(ASSIGNED TASK): The listing below should be printed exactly, every line of it. Skip the pictures.

(DATA BELOW):
------------------------------------

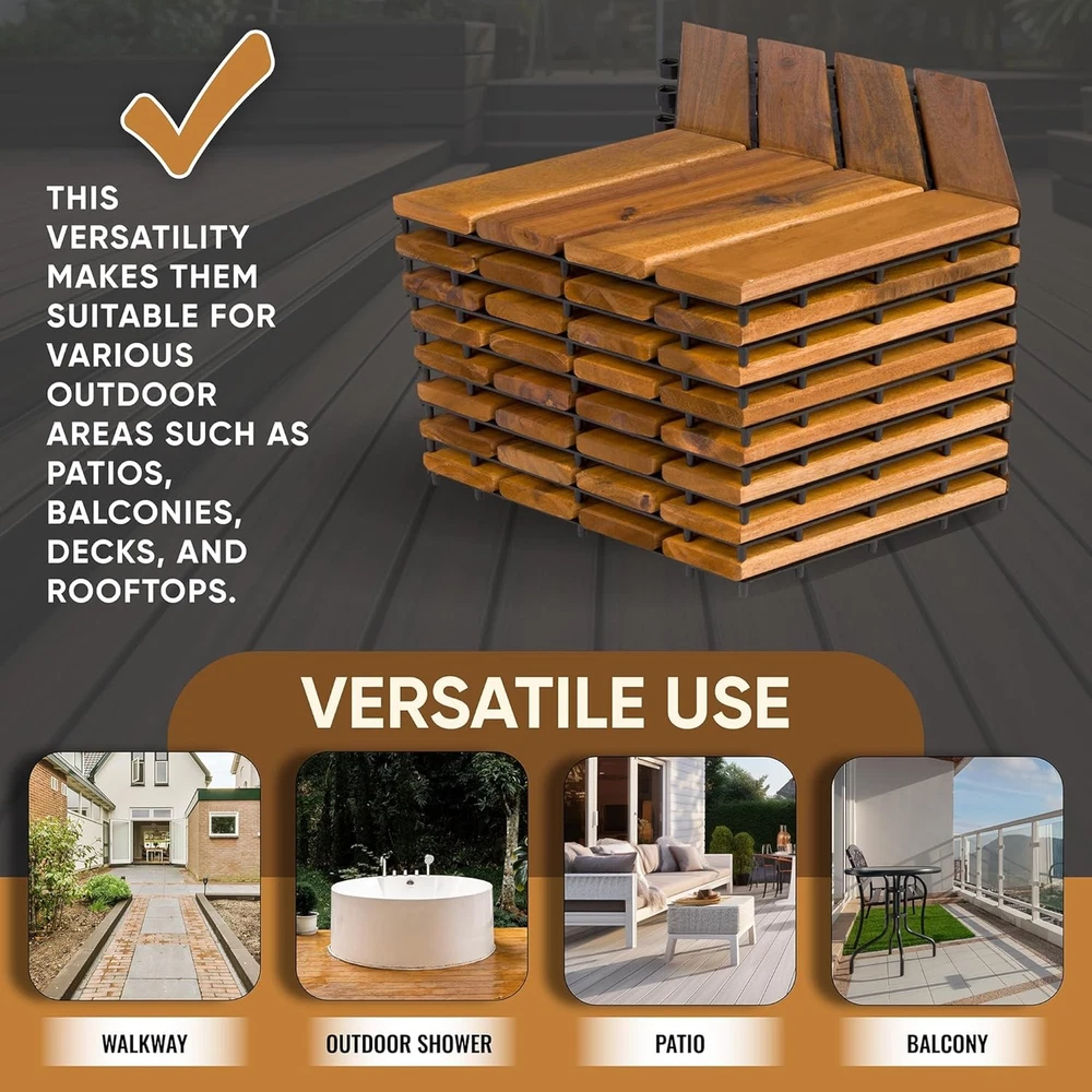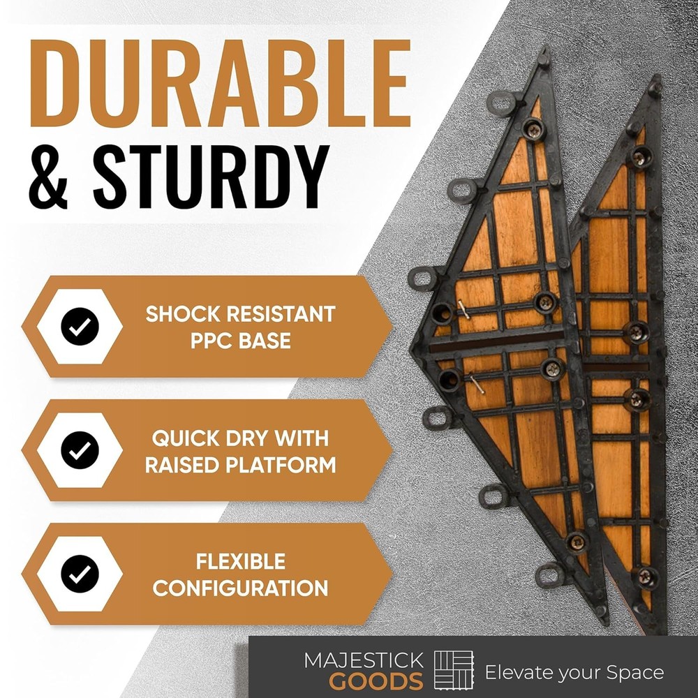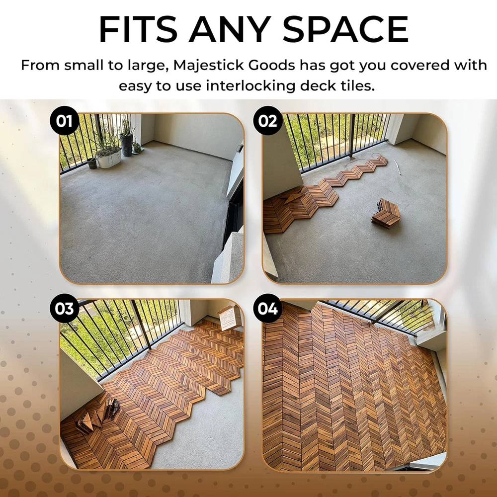 Interlocking Deck Tiles 12" x 8" Herringbone 6 Sq 12" x 8", Brown Product Details Package Dimensions : 12.91 x 12.83 x 6.57 inches; 1 Pounds Manufacturer : Majestick Goods Material: Acacia Wood Brand: Majestick Goods Color: Brown Shape: Herringbone Item Thickness: 0.9 Inches EASY INSTALLATION WITH INTERLOCKING DESIGN: Our herringbone interlocking deck tiles provide a simple yet sophisticated solution for your outdoor space, featuring a snap-together system that's perfect for patio deck tiles renovation projects. No tools, no fuss – just a beautiful patio flooring upgrade that's ready in no time. WATER-RESISTANT AND SLIP-RESISTANT: Create a safe and stylish area with our outdoor interlocking all weather patio tiles that are not only water-resistant but also slip-resistant. These balcony flooring solutions offer peace of mind, ensuring your outdoor oasis is both safe and stunning, even during wet conditions. VERSATILE AND MULTI-USE: Our herringbone wood deck tiles are the quintessence of versatility, suitable as outdoor floor tiles for patios, decking tiles for gardens, or even as a durable balcony floor covering. The timeless look of our patio deck seamlessly complements any outdoor decor, making it the ideal choice for outdoor floor enhancement. ECO-FRIENDLY COMPOSITE OPTION: For the environmentally conscious, our composite deck tiles offer an eco-friendly alternative without sacrificing quality or aesthetics. Enjoy the look and feel of wood with our outdoor interlocking tiles that are crafted to be kinder to the planet while providing the perfect finish to your patio floor. MEASUREMENTS: Each tile is roughly 9" length x 12" width and 0.9" height/thickness. This 8 pack box contains 8 tiles and covers 6.33 square feet.
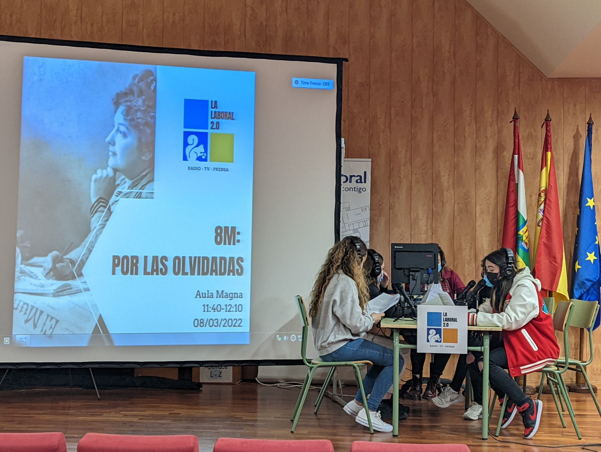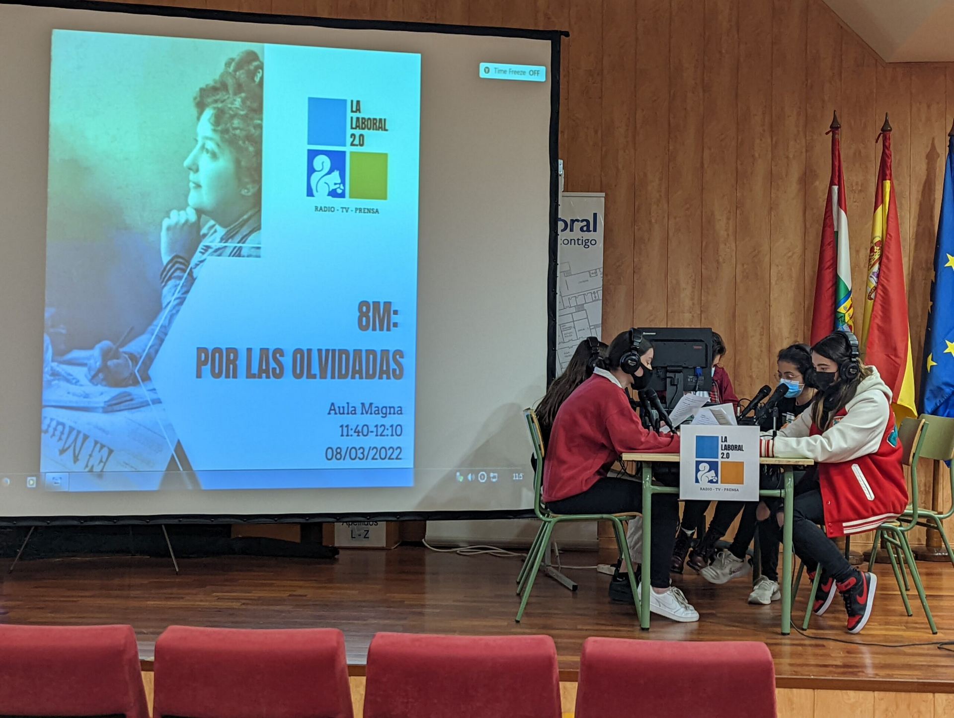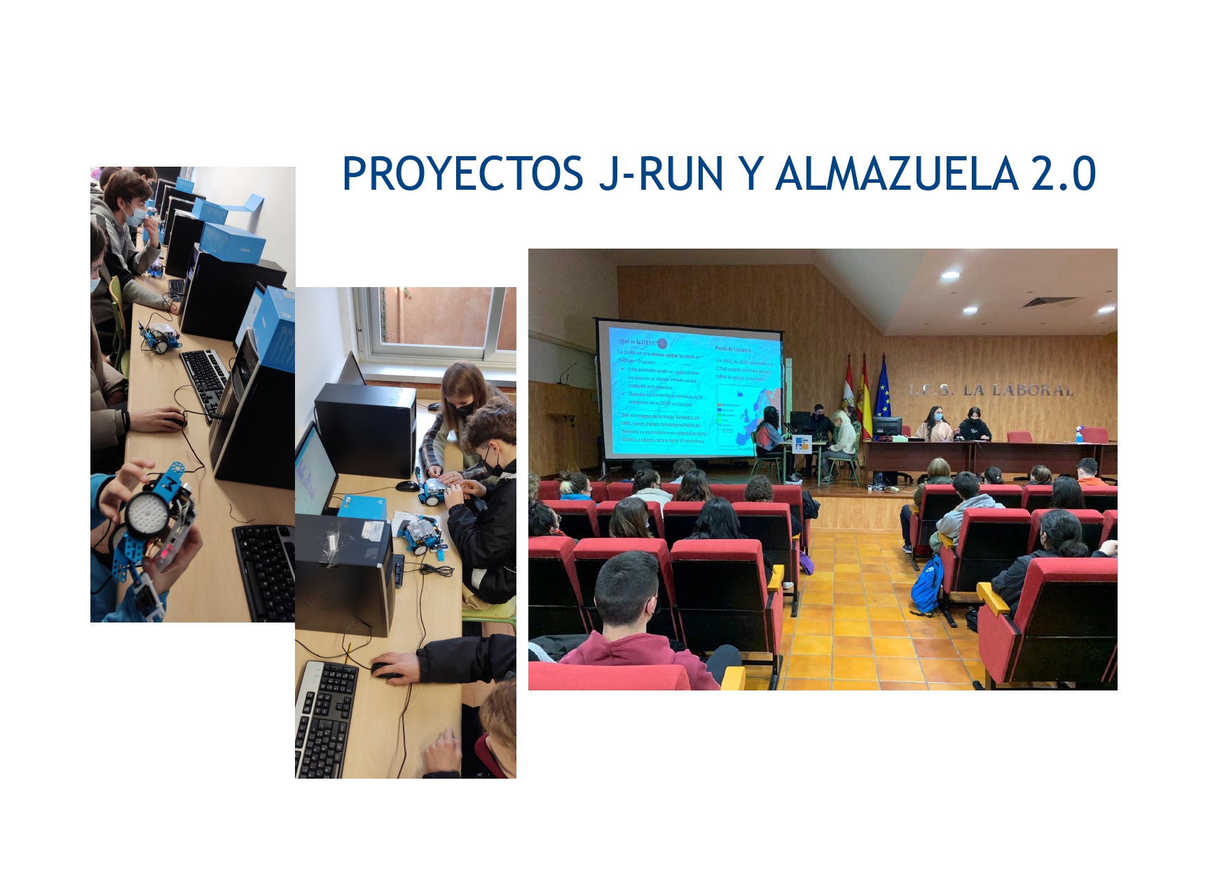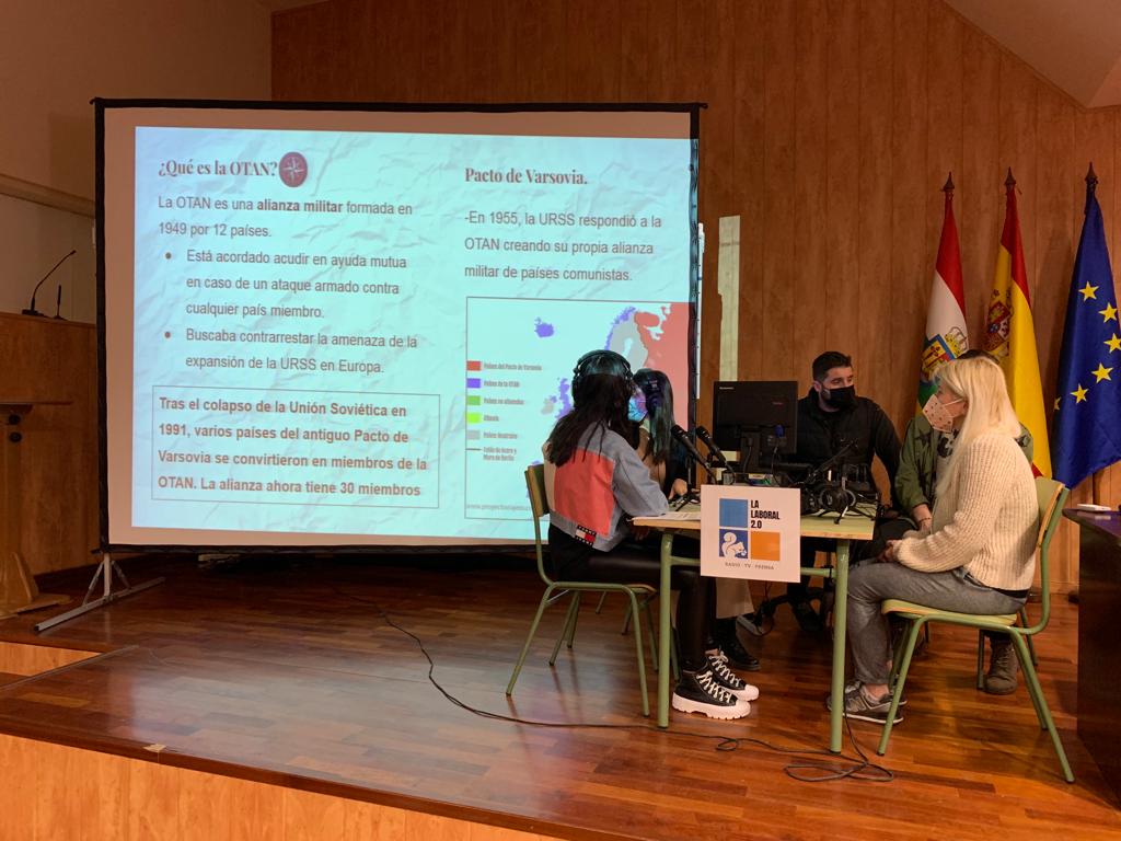 Se trata de un nuevo proyecto de radio, prensa y televisión que ha dinamizado considerablemente la vida del centro y está consiguiendo la colaboración de distintos departamentos para organizar iniciativas variopintas, desde la celebración de fechas señaladas hasta entrevistas marcadas por la actualidad o por algún trabajo concreto en una materia. Los departamentos implicados en el proyecto son los siguientes: Lengua y Literatura, Física y Química, Filosofía, Inglés y Matemáticas. Podéis ver todas las actividades programadas con este proyecto en su Sites: La Laboral 2.0
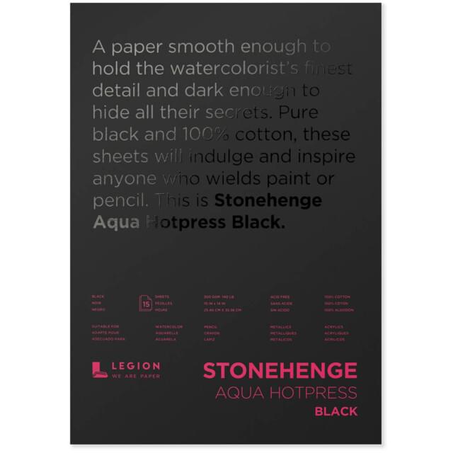STONEHENGE AQUA BLACK HOT PRESS WATERCOLOUR PAPER 300gsm 254x356mm (10x14 inch) PAD 15 SHEETS |
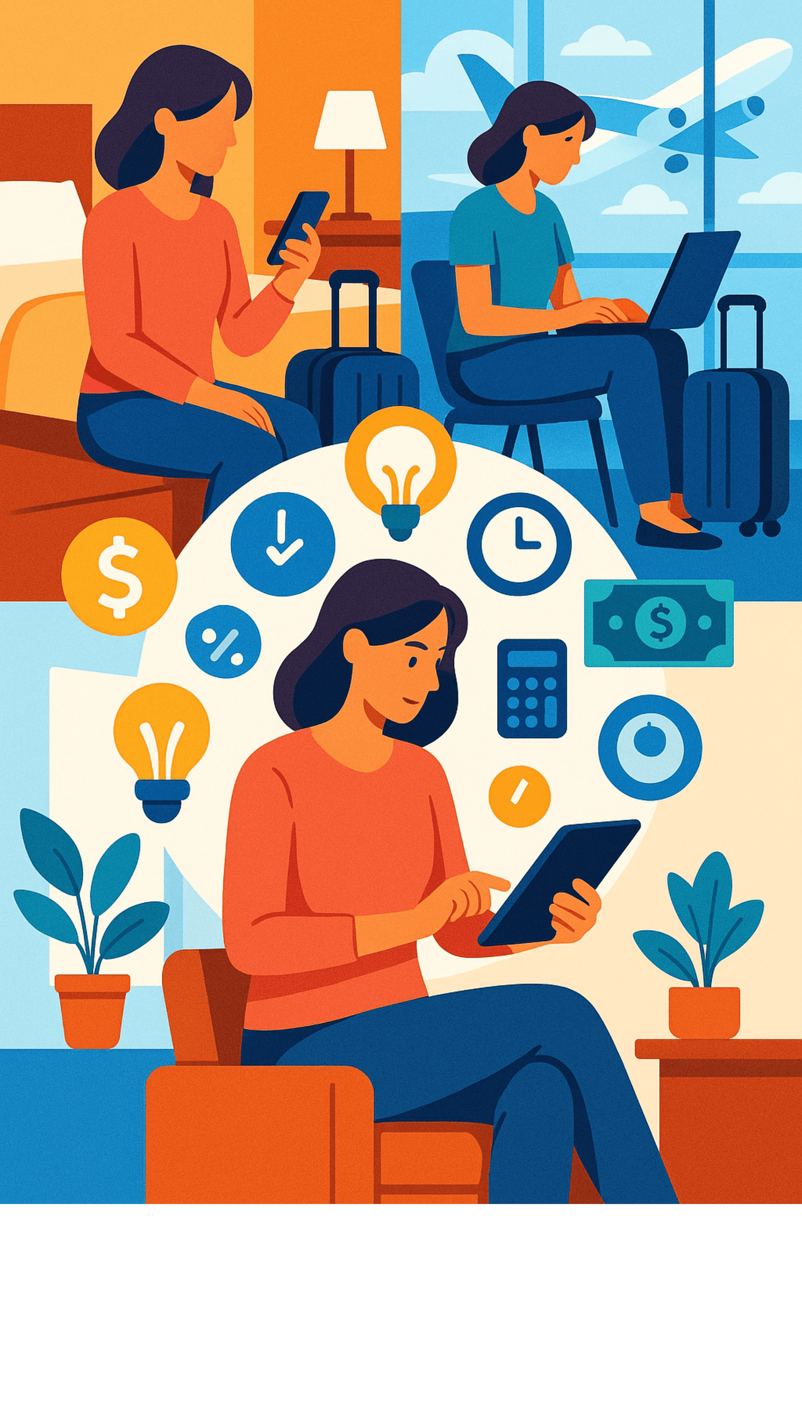 Montagem conceitual de uma pessoa viajando com mala, usando aparelhos eletrônicos em diferentes ambientes (quarto de hotel, aeroporto, casa), com pequenos ícones de economia e praticidade flutuando, estilo ilustração moderna com cores vibrantes.

------------------------------------

(SOLVED PROBLEM):
 Interlocking Deck Tiles 12" x 8" Herringbone 6 Sq 12" x 8", Brown Product Details Package Dimensions : 12.91 x 12.83 x 6.57 inches; 1 Pounds Manufacturer : Majestick Goods Material: Acacia Wood Brand: Majestick Goods Color: Brown Shape: Herringbone Item Thickness: 0.9 Inches EASY INSTALLATION WITH INTERLOCKING DESIGN: Our herringbone interlocking deck tiles provide a simple yet sophisticated solution for your outdoor space, featuring a snap-together system that's perfect for patio deck tiles renovation projects. No tools, no fuss – just a beautiful patio flooring upgrade that's ready in no time. WATER-RESISTANT AND SLIP-RESISTANT: Create a safe and stylish area with our outdoor interlocking all weather patio tiles that are not only water-resistant but also slip-resistant. These balcony flooring solutions offer peace of mind, ensuring your outdoor oasis is both safe and stunning, even during wet conditions. VERSATILE AND MULTI-USE: Our herringbone wood deck tiles are the quintessence of versatility, suitable as outdoor floor tiles for patios, decking tiles for gardens, or even as a durable balcony floor covering. The timeless look of our patio deck seamlessly complements any outdoor decor, making it the ideal choice for outdoor floor enhancement. ECO-FRIENDLY COMPOSITE OPTION: For the environmentally conscious, our composite deck tiles offer an eco-friendly alternative without sacrificing quality or aesthetics. Enjoy the look and feel of wood with our outdoor interlocking tiles that are crafted to be kinder to the planet while providing the perfect finish to your patio floor. MEASUREMENTS: Each tile is roughly 9" length x 12" width and 0.9" height/thickness. This 8 pack box contains 8 tiles and covers 6.33 square feet.
 Se trata de un nuevo proyecto de radio, prensa y televisión que ha dinamizado considerablemente la vida del centro y está consiguiendo la colaboración de distintos departamentos para organizar iniciativas variopintas, desde la celebración de fechas señaladas hasta entrevistas marcadas por la actualidad o por algún trabajo concreto en una materia. Los departamentos implicados en el proyecto son los siguientes: Lengua y Literatura, Física y Química, Filosofía, Inglés y Matemáticas. Podéis ver todas las actividades programadas con este proyecto en su Sites: La Laboral 2.0
STONEHENGE AQUA BLACK HOT PRESS WATERCOLOUR PAPER 300gsm 254x356mm (10x14 inch) PAD 15 SHEETS |
 Montagem conceitual de uma pessoa viajando com mala, usando aparelhos eletrônicos em diferentes ambientes (quarto de hotel, aeroporto, casa), com pequenos ícones de economia e praticidade flutuando, estilo ilustração moderna com cores vibrantes.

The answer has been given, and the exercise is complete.